Fighting eggs and body armor

Spent most of the night and early morning working on my stories. Because I don’t have a shower in my room I had to trek across the compound to wash… and at 4:30am there was no light, which was fun. I'm glad there aren't any scorpions in Afghanistan. Right? I had to wake up at 8 because breakfast ended at 8:30... or so I thought. Apparently on Friday (Muslim day off) it's 10:30. Merde! After 3 hours of sleep I was not happy.

Had breakfast with a trio of Americans who had an odd job—two of them owned their own private sector sociology research companies. They’ve been hired by the US Army to collect data on the locals. Judging by the results, either the research has been crap or the army hasn’t bothered to look at it. There are always interesting oddballs in these international NGO hotels... here's Naheed but behind her is a Japanese guy hesitantly singing and learning to play Simon and Garfunkel.





Our fixer Mokhtar took us to the market and bazaar. Thousands of people buying and selling. Lots of carrots and raw animals. The people were surprisingly friendly to me and didn’t mind being filmed—some even clamored for it. But for some reason Naheed was targeted for abuse, despite her looking almost like an Afghan and her wearing a head covering. One threw water at her and drenched her new camera, another grabbed her privates, and the women at the mosque we visited angrily denounced her presence there.
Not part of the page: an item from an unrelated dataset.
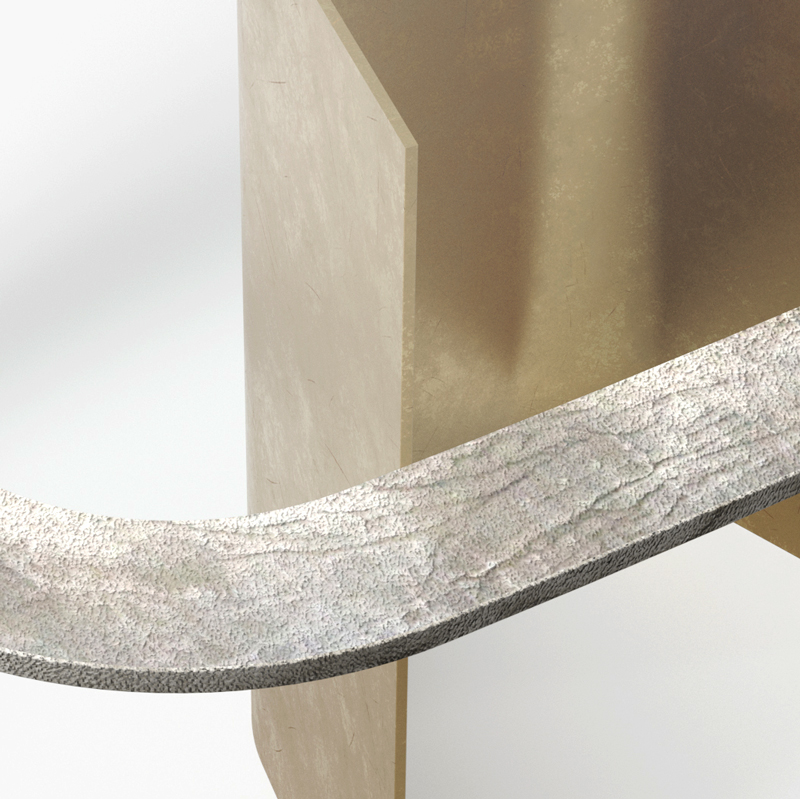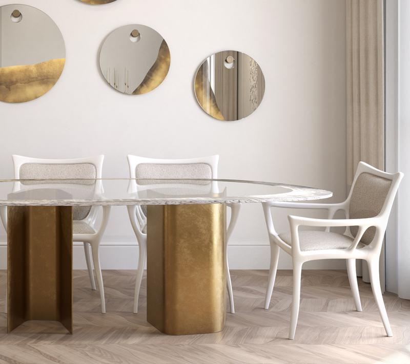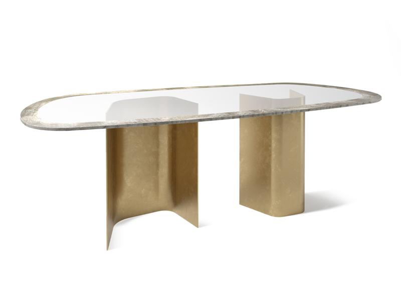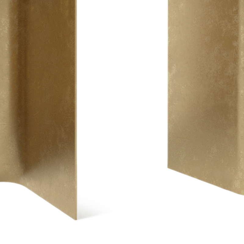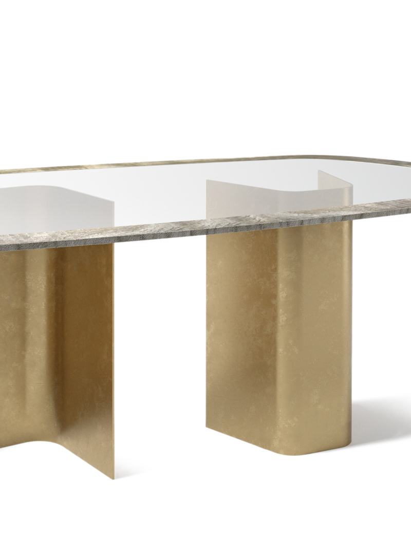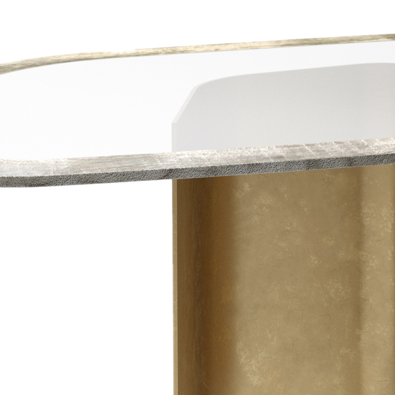 Металлическое основание с отделкой «состаренная латунь» поддерживает столешницу из прозрачного стекла толщиной 15 мм. Особую выразительность придает обработка кромки столешницы — гравировка алмазным и серебряным кругом, подчеркивающая чистоту линий.

I’m not sure why there was all this hostility—was it because she was a foreign infidel woman with loose morals? A woman with a fancy camera? A Pakistani (Afghans don’t really like them for historical reasons)?

At the mosque we met a Hazara man for my story. He was begging with his four young sons and wife. When we talked to him he started crying because he’d been beaten by his Pashtun employer. He’ll be in my story but it was a sad demonstration of tribal prejudice. But (always the cynical journalist) great tape.

At another market I saw an innovative form of street gambling called fighting eggs. Two guys square off with spoiled eggs--one man, one egg--and after carefully selecting just the right egg by tapping it against their teeth, the men then tap their egg against the other's. Whoever’s doesn’t break wins. The loser has to pay for the egg. Then you pick up another egg and start again. Mokhtar demonstrated it for me and lost by 4 eggs to 2.

In the evening I went to see Mum’s friend of a friend who lives in the swank International Monetary Fund digs. You have to pass through 3 or 4 concrete and machine gunned checkpoints to get there and it’s behind enormous barbed wired walls. She regaled us with tales of aid waste by CIDA, the UN and other groups. I’m hoping she’ll be part of my story about aid effectiveness. The highlight was seeing her IMF standard issue body armor hanging up in the corner. Sweeeet.










I got moved to a new room WITH a SHOWER. I’m very excited. It’s primitive but there’s electricity and water… already a step above Sweet Salone.